Even if the if condition is satisfied, it doesn't evaluate the "then" block.

即使满足 if 条件,它也不会评估“then”块。

Here, $str1is tasteand $str2is waste.

在这里,$str1taste$str2waste

How should I fix this?

我应该如何解决这个问题?

回答by PSIAlt

First, eqis for comparing strings; ==is for comparing numbers.

首先,eq用于比较字符串;==用于比较数字。

Even if the "if" condition is satisfied, it doesn't evaluate the "then" block.

即使满足“if”条件,它也不会评估“then”块。

I think your problem is that your variables don't contain what you think they do. I think your $str1or $str2contains something like "taste\n" or so. Check them by printing before your if: print "str1='$str1'\n";.

我认为您的问题是您的变量不包含您认为它们的作用。我认为您的$str1$str2包含诸如“味道\n”之类的东西。通过在if之前打印来检查它们:print "str1='$str1'\n";

The trailing newline can be removed with the chomp($str1);function.

可以使用该chomp($str1);函数删除尾随的换行符。

回答by cdhowie

==does a numeric comparison: it converts both arguments to a number and then compares them. As long as $str1and $str2both evaluate to 0 as numbers, the condition will be satisfied.

==进行数字比较:它将两个参数转换为一个数字,然后比较它们。
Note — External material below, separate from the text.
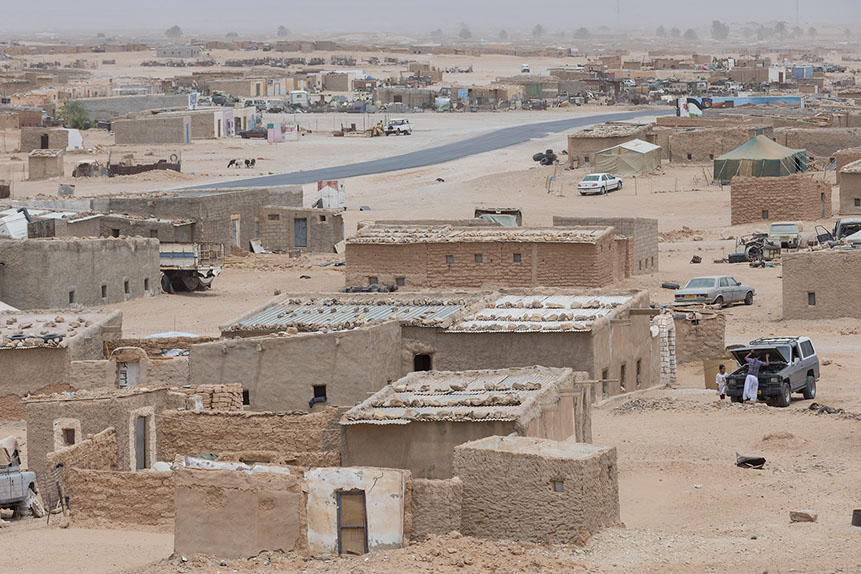 Formerly a Spanish colony, the Spanish dictator Franco drafted an agreement in 1975 that led to the occupation of the Western Sahara by Morocco and Mauritania, after a Spanish retreat. A guerrilla war ensued between the occupying forces and the Sahrawis, driving the Sahrawi population into refuge across the border in Algeria, near the Algerian city of Tindouf. Even though Mauritania withdrew from the conflict in 1979, Morocco occupied more and more of the Western Sahara territory by building a succession of walls and mined fortification lines, cutting through the desert country. These so called 'berms' - several thousand kilometers long - divide the country into a occupied zone, and the so-called Liberated Territories. Since 1991 a ceasefire has stopped the fighting, though a referendum on the future of the country has been consistently delayed by Morocco. The Moroccan occupied area holds one of the largest phosphate deposits on this planet and gives access to rich fishing grounds off the coast in the Atlantic Ocean.

只要$str1$str2都作为数字计算为 0,则条件将被满足。

eqdoes a string comparison: the two arguments must match lexically (case-sensitive) for the condition to be satisfied.

eq进行字符串比较:两个参数必须在词法上匹配(区分大小写)才能满足条件。

"foo" == "bar";   # True, both strings evaluate to 0.
"foo" eq "bar";   # False, the strings are not equivalent.
"Foo" eq "foo";   # False, the F characters are different cases.
"foo" eq "foo";   # True, both strings match exactly.

回答by user4185253

Did you try to chomp the $str1and $str2?

你有没有尝试 chomp$str1$str2

I found a similar issue with using (another) $str1eq 'Y' and it only went away when I first did:

我在使用(另一个)$str1eq 'Y' 时发现了一个类似的问题,它只在我第一次这样做时就消失了:

chomp($str1);
if ($str1 eq 'Y') {
....
}

works after that.

在那之后工作。

Hope that helps.

希望有帮助。

回答by user1931990

Maybe the condition you are using is incorrect:

也许您使用的条件不正确:

$str1 == "taste" && $str2 == "waste"

The program will enter into THENpart only when both of the stated conditions are true.

THEN只有当上述两个条件都为真时,该计划才会生效。

You can try with $str1 == "taste" || $str2 == "waste". This will execute the THENpart if anyone of the above conditions are true.

您可以尝试使用$str1 == "taste" || $str2 == "waste". THEN如果上述条件中的任何一个为真,这将执行该部分。